[WHAT YOU HAVE TO DO] Exactly as they appear, restate the lines of the material, from the first through the one containing "圣才考研网(www.100x".
****
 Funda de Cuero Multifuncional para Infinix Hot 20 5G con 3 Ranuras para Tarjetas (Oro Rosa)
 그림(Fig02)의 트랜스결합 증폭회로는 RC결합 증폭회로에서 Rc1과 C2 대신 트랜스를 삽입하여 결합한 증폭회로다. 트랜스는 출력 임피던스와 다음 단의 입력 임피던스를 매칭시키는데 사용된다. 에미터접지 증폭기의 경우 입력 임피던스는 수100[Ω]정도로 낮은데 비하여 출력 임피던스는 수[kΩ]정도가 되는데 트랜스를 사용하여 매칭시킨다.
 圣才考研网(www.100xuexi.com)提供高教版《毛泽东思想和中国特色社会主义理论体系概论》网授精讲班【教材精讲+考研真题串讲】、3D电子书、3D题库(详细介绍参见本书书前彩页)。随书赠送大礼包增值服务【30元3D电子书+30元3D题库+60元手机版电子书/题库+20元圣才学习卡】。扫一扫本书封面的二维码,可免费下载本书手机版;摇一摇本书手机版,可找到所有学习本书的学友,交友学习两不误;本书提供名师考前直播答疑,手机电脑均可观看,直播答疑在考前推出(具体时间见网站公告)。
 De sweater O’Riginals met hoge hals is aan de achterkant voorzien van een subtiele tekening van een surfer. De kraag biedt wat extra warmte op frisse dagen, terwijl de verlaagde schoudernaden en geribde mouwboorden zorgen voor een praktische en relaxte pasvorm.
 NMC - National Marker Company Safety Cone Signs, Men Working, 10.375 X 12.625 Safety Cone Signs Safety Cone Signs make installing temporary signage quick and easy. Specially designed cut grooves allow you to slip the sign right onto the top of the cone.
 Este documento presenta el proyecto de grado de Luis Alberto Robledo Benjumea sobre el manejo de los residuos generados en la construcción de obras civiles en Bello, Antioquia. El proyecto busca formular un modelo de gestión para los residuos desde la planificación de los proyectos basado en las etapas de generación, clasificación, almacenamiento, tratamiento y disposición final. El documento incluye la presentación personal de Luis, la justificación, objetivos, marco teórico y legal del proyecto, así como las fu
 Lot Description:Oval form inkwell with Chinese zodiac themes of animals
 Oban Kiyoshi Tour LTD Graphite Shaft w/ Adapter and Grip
****
[REPLY TO THE EXERCISE]
 Funda de Cuero Multifuncional para Infinix Hot 20 5G con 3 Ranuras para Tarjetas (Oro Rosa)
 그림(Fig02)의 트랜스결합 증폭회로는 RC결합 증폭회로에서 Rc1과 C2 대신 트랜스를 삽입하여 결합한 증폭회로다. 트랜스는 출력 임피던스와 다음 단의 입력 임피던스를 매칭시키는데 사용된다. 에미터접지 증폭기의 경우 입력 임피던스는 수100[Ω]정도로 낮은데 비하여 출력 임피던스는 수[kΩ]정도가 되는데 트랜스를 사용하여 매칭시킨다.
 圣才考研网(www.100xuexi.com)提供高教版《毛泽东思想和中国特色社会主义理论体系概论》网授精讲班【教材精讲+考研真题串讲】、3D电子书、3D题库(详细介绍参见本书书前彩页)。随书赠送大礼包增值服务【30元3D电子书+30元3D题库+60元手机版电子书/题库+20元圣才学习卡】。扫一扫本书封面的二维码,可免费下载本书手机版;摇一摇本书手机版,可找到所有学习本书的学友,交友学习两不误;本书提供名师考前直播答疑,手机电脑均可观看,直播答疑在考前推出(具体时间见网站公告)。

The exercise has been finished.